● ABOUT THIS EXERCISE
In this exercise, copy exactly the lines from the one that contains "Aumenta presencia y" through the end of the entries below; pictures are not copied.

START INFORMATION PROVIDED

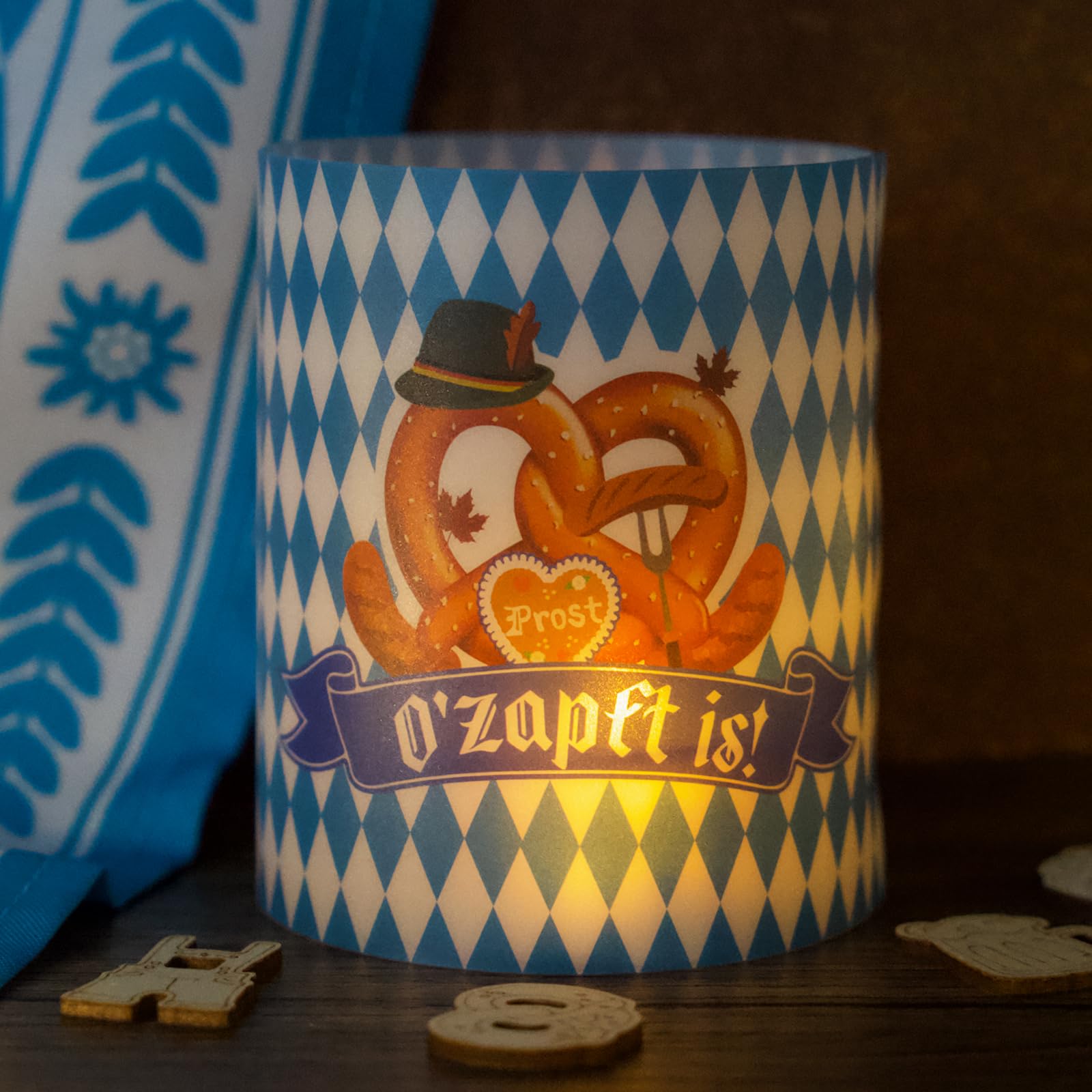 Oktoberfest-Fans, diese Windlichter sind ein Muss für eure Wiesn-Party! 12 Stück im Set, blau-weiß mit klassischen Motiven: 'O'zapft is', 'Prost', Bierkrüge und Brezeln! Aus stabilem PP-Material, Farben bleiben kräftig! Ungefaltet 26x10cm, gefaltet 10x8cm - platzsparend zu lagern! Einfach Teelichter reinstellen (nicht im Lieferumfang!) und gemütliches Licht genießen! Perfekt für Tischdeko, Theken oder als Raumdekoration! Schafft sofort Wiesn-Atmosphäre! Für Oktoberfest-Partys, Bierfeste oder bayrische Events! Einfach aufstellen und die Party kann beginnen! Macht jede Feier zum Oktoberfest-Erlebnis!
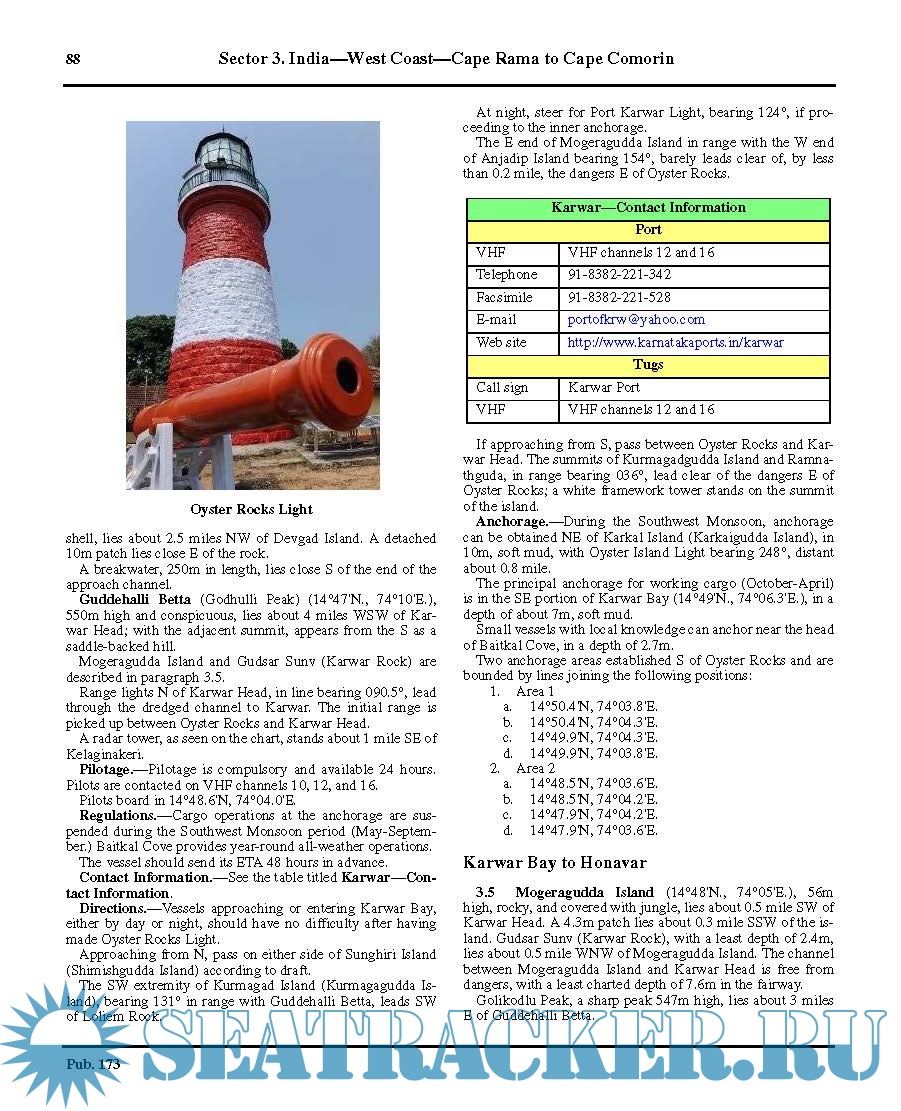 Year: 2022 Language: english Author: NGIA Genre: Documentation Edition: 15th Format: PDF Quality: eBook Pages count: 330 Description: Pub. 173, Sailing Directions (Enroute) India and the Bay of Bengal, Fifteenth Edition, 2022, is issued for use in conjunction with Pub. 160, Sailing Directions (Planning Guide) South Atlantic Ocean and Indian Ocean. The companion volumes are Pubs. 171, 172, 174, and 175. Digital Nautical Chart 3 provides electronic chart coverage for the area covered by this publication. This publication has been corrected to 26 March 2022, including Notice to Mariners No. 13 of 2022.
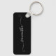 Erstellen Sie Ihren eigenen personalisierten oder monogrammatikalischen rechteckigen Schlüsselanhänger für Ihre Brautmädchen. Ich legte den Namen auf die Rückseite, damit die gürteligen Gürtel nicht durch das Lochloch für den Ring abgeschnitten werden. Passen Sie den modernen, gürtelgeschliffenen, an handgeschriebene Kalligraphie-Skriptfarbe und -größe angehängten Swash je nach Bedarf an. Ändern Sie die schwarze Hintergrundfarbe oder den weißen Text und lassen Sie die Schattenfarben nach Ihren Hochzeitsfarben fallen.
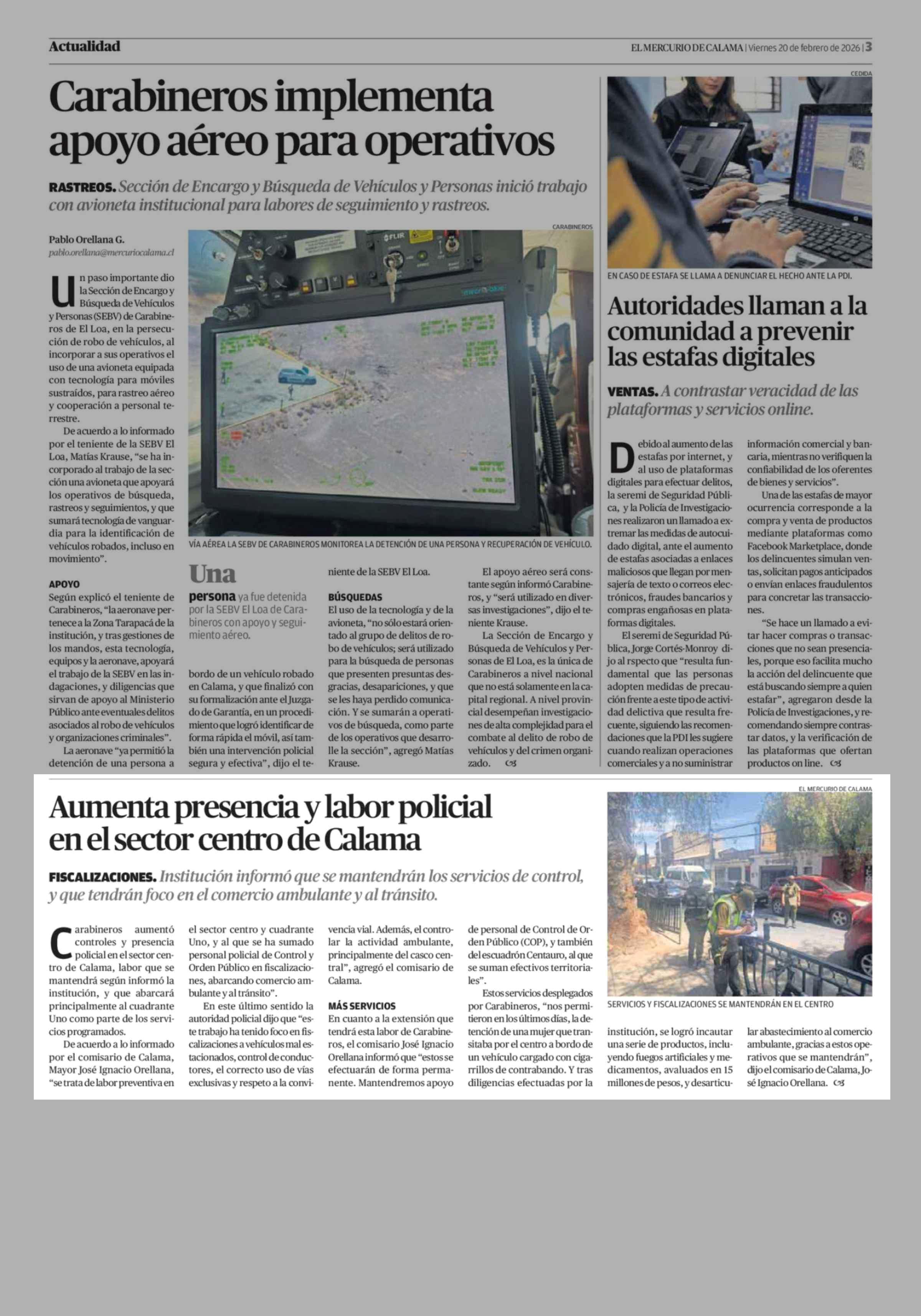 Aumenta presencia y labor policial en el sector centro de Calama 20-02-2026 El Mercurio de Calama |
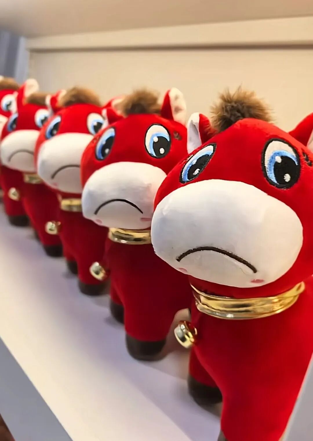 哭哭马的“瑕疵”,恰恰让它在一群中规中矩的同类中有了吸睛的特质,特别是下垂的嘴角、略带呆滞的眼神,以及“被迫”穿着喜庆红装的造型,精准诠释了当代人“表面笑嘻嘻,内心哭唧唧”的精神面貌,它做工不完美,但是它做到了“正中下怀”。

END INFORMATION PROVIDED

● EXPECTED OUTPUT
 Aumenta presencia y labor policial en el sector centro de Calama 20-02-2026 El Mercurio de Calama |
 哭哭马的“瑕疵”,恰恰让它在一群中规中矩的同类中有了吸睛的特质,特别是下垂的嘴角、略带呆滞的眼神,以及“被迫”穿着喜庆红装的造型,精准诠释了当代人“表面笑嘻嘻,内心哭唧唧”的精神面貌,它做工不完美,但是它做到了“正中下怀”。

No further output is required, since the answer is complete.